Pierluigi Paganini July 29, 2018

New Underminer exploit kit delivers a bootkit that infects the system’s boot sectors as well as a cryptocurrency miner dubbed Hidden Mellifera.

Malware researchers from Trend Micro have spotted a new exploit kit, tracked as Underminer exploit kit, delivering a bootkit that infects the system’s boot sectors as well as a cryptocurrency miner dubbed Hidden Mellifera.

“We discovered a new exploit kit we named Underminer that employs capabilities used by other exploit kits to deter researchers from tracking its activity or reverse engineering the payloads.” reads the analysis published by TrendMicro.

“Underminer delivers a bootkit that infects the system’s boot sectors as well as a cryptocurrency-mining malware named Hidden Mellifera.”

Researchers first noticed the Underminer Exploit activity on July 17 while it was distributing the payloads mainly to Asian countries, mostly in Japan (69,75%) and Taiwan (10,52%).

Underminer transfers the malicious payloads via an encrypted transmission control protocol (TCP) tunnel and packages malicious files with a customized format similar to ROM file system format (romfs). According to the experts, this makes it difficult to analyze the malicious code.

The Underminer exploit kit appears to have been created in November 2017 when it only included the code for the exploitation of Flash vulnerabilities and delivered fileless payloads to deliver and execute the malware.

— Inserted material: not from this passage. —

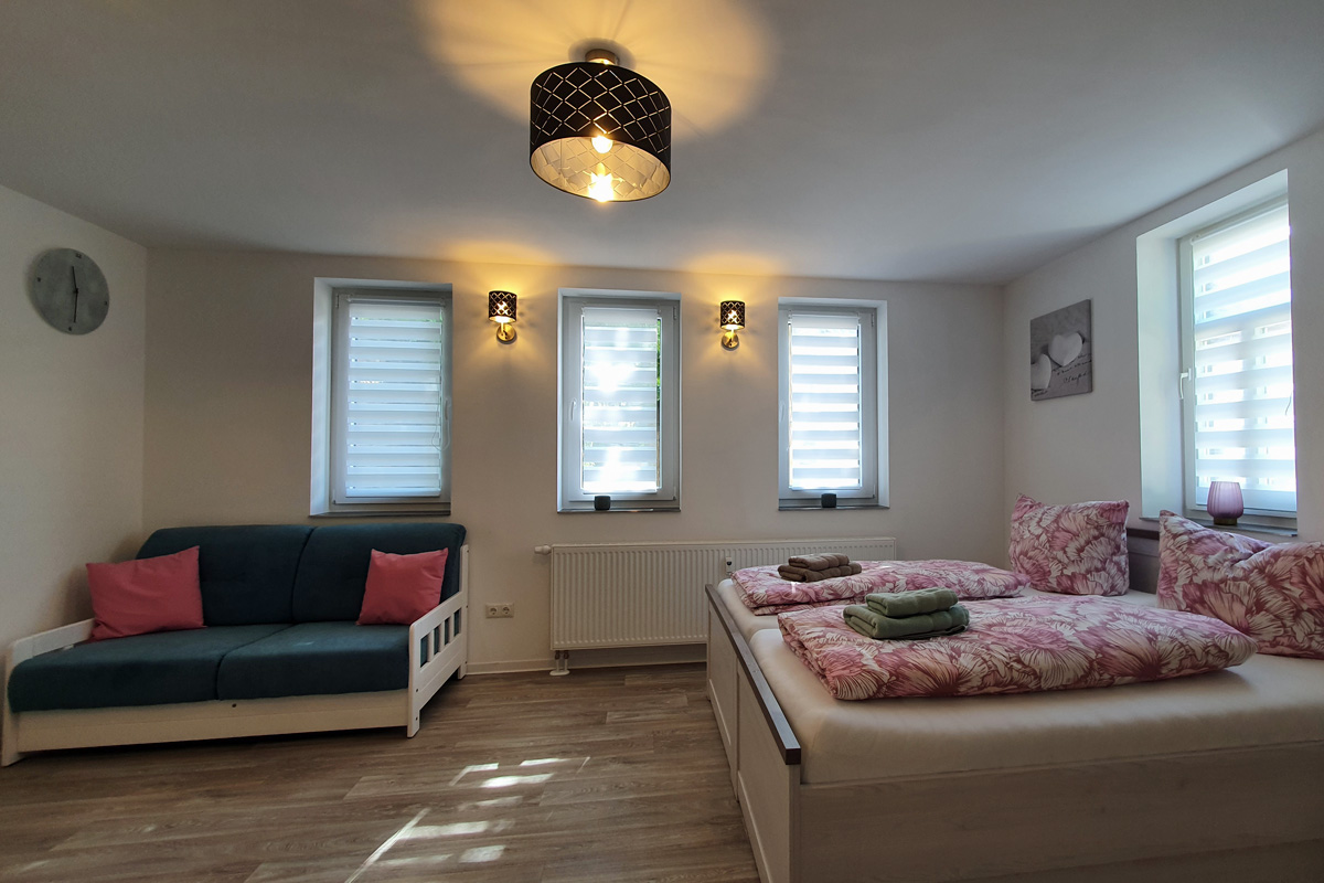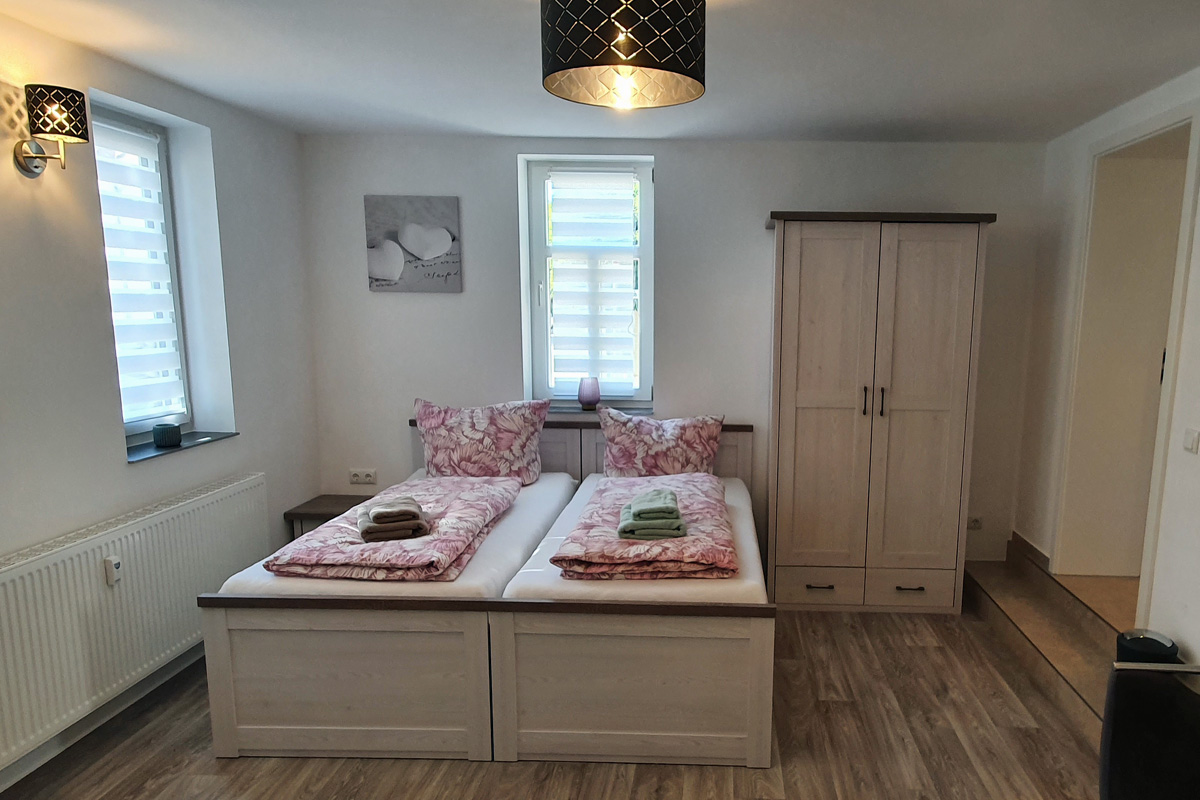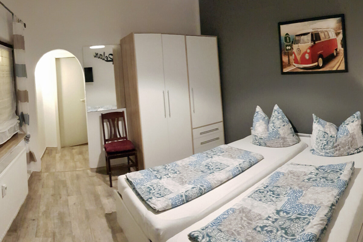 Die Wohnungen sind modern eingerichtet mit TV und Internet und bieten bis zu 8 Personen eine Übernachtungsmöglichkeit. In einem der beiden Zimmer befindet sich eine kleine Küche (Kühlschrank, Kaffeemaschiene, Toaster, Wasserkocher, Geschirr und Besteck), so dass auch eine Nutzung als Ferienwohnung möglich ist.
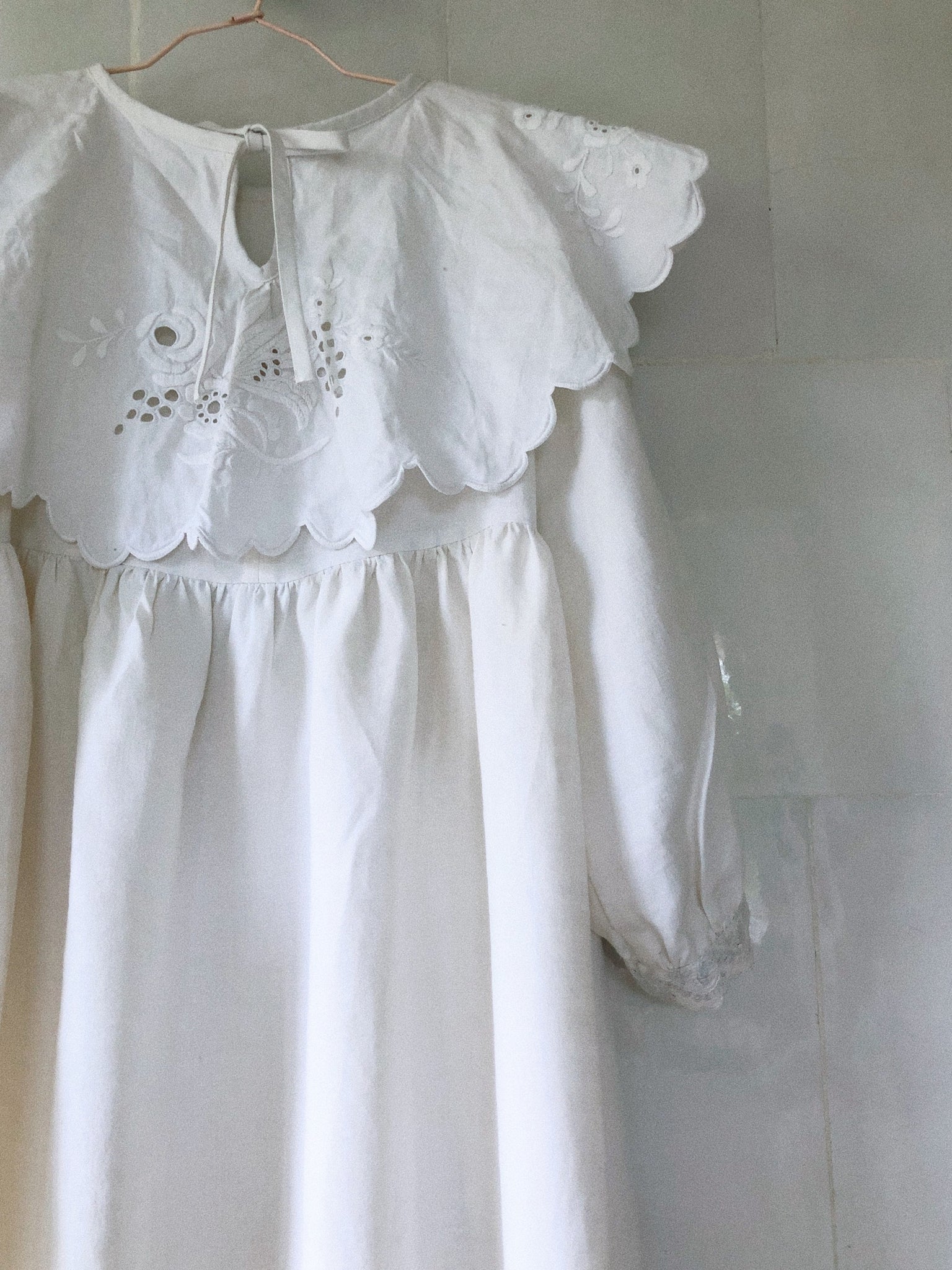 - vintage white fabric used as collar with embroidered cutwork that gathers slightly at the back

The Underminer EK includes functionalities also employed by other exploit kits, including:

• browser profiling and filtering;
• preventing of client revisits;
• URL randomization;
• asymmetric encryption of payloads;

The EK redirect visitors to a landing page that profile and detect the user’s Adobe Flash Player version and browser type via user-agent.

In case the visitor’s profile does not match the one associated with a target of interest, the exploit kit will not deliver malicious content and redirect the visitor to a clean website.

The Underminer exploit kit also sets a token to the browser cookie, with this trick if the victim already accessed the landing page, it only delivers an HTTP 404 error message instead of payloads.

Researchers discovered that the Underminer exploit kit still includes a small number of exploits. The experts have spotted the code to trigger the following vulnerabilities:

• CVE-2015-5119, a use-after-free vulnerability in Adobe Flash Player patched in July 2015.
• CVE-2016-0189, a memory corruption vulnerability in Internet Explorer (IE) patched in May 2016.
• CVE-2018-4878, a use-after-free vulnerability in Adobe Flash Player patched in February 2018.

All the above flaws have been exploited by other EKs in the past.

Below the infection flow of Underminer’s exploits described by Trend Micro.

“Like other exploits before it, we expect Underminer to hone their techniques to further obfuscate the ways they deliver their malicious content and exploit more vulnerabilities while deterring security researchers from looking into their activities. And given the nature of their operations, we also expect them to diversify their payloads.” concludes Trend Micro.